§ **Problem to solve**
Every picture is to be removed, and all the data is to be copied exactly.

§ **Collected material**
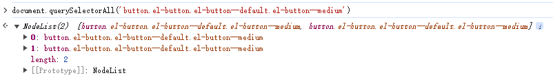 另外注意,这个button的class有4个,但我只写了3个,在使用document.querySelectorAll('button[type="button"].el-button.el-button--primary.el-button--mini')进行查看的时候,发现有两个元素
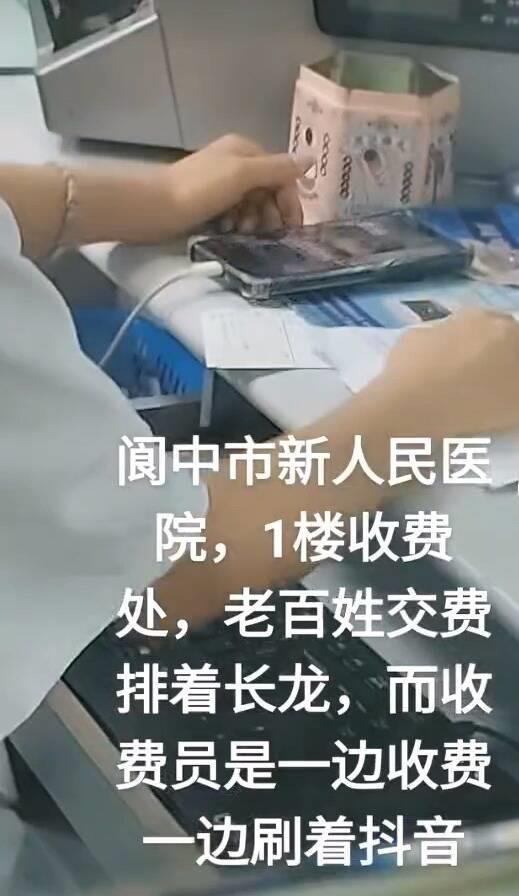 7月7日,有網友發視頻稱,四川南充閬中市人民醫院收費窗口處,一名工作人員在崗位上邊工作邊用手機刷短視頻。
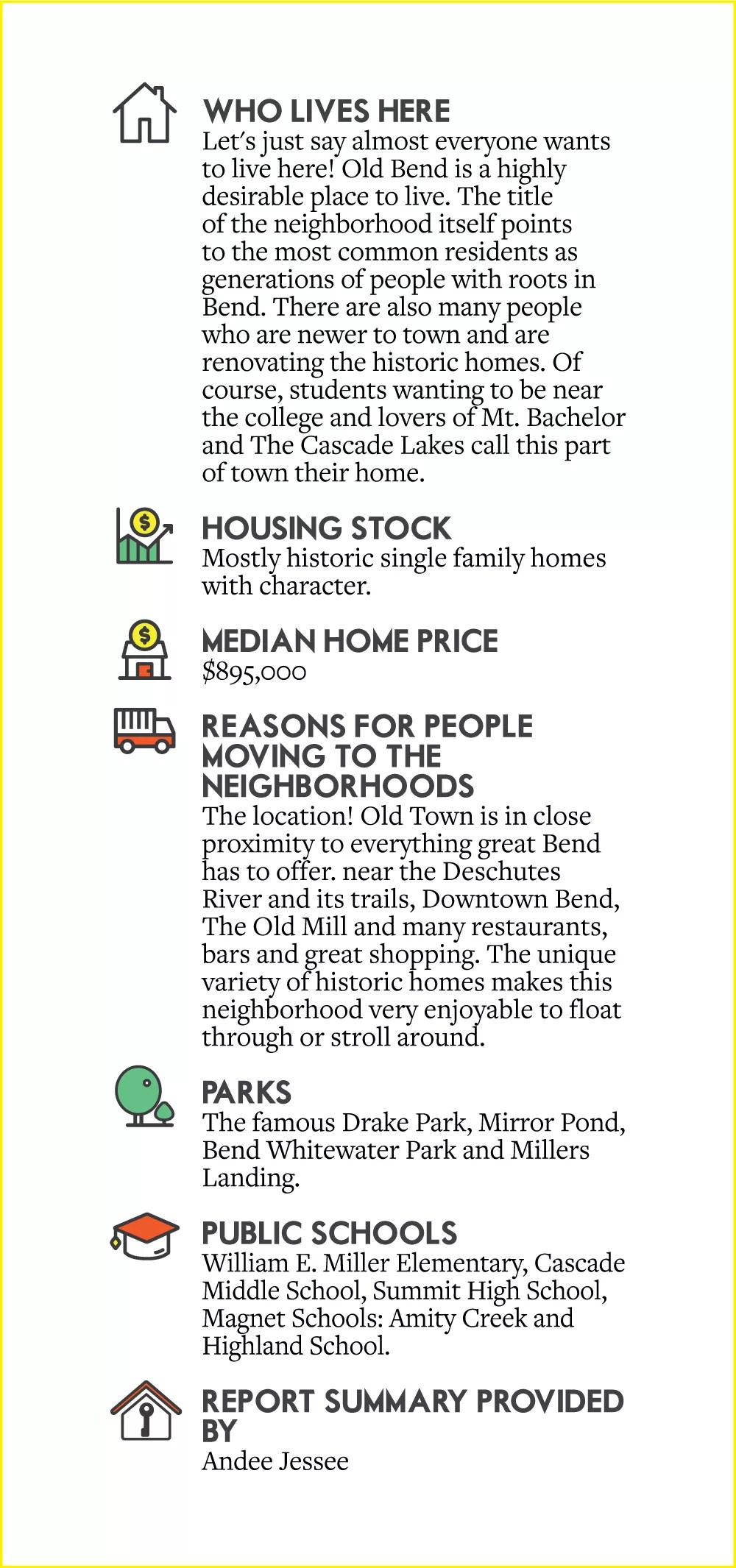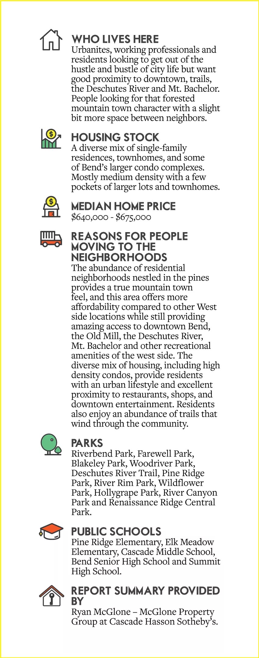 This neighborhood recap is just so sad. If you have lived here for any amount of time, this just totally shows you how Bend has changed. It just proves Bend is gone. Not saying anything about all the newbies. But Bend has changed not a cool place and it is sad. Use to be such a cool town. Now a place where nobody can afford to live. Just having to describe the neighborhoods is sad.

§ **Result of this exercise**
 另外注意,这个button的class有4个,但我只写了3个,在使用document.querySelectorAll('button[type="button"].el-button.el-button--primary.el-button--mini')进行查看的时候,发现有两个元素
 7月7日,有網友發視頻稱,四川南充閬中市人民醫院收費窗口處,一名工作人員在崗位上邊工作邊用手機刷短視頻。
 This neighborhood recap is just so sad. If you have lived here for any amount of time, this just totally shows you how Bend has changed. It just proves Bend is gone. Not saying anything about all the newbies. But Bend has changed not a cool place and it is sad. Use to be such a cool town. Now a place where nobody can afford to live. Just having to describe the neighborhoods is sad.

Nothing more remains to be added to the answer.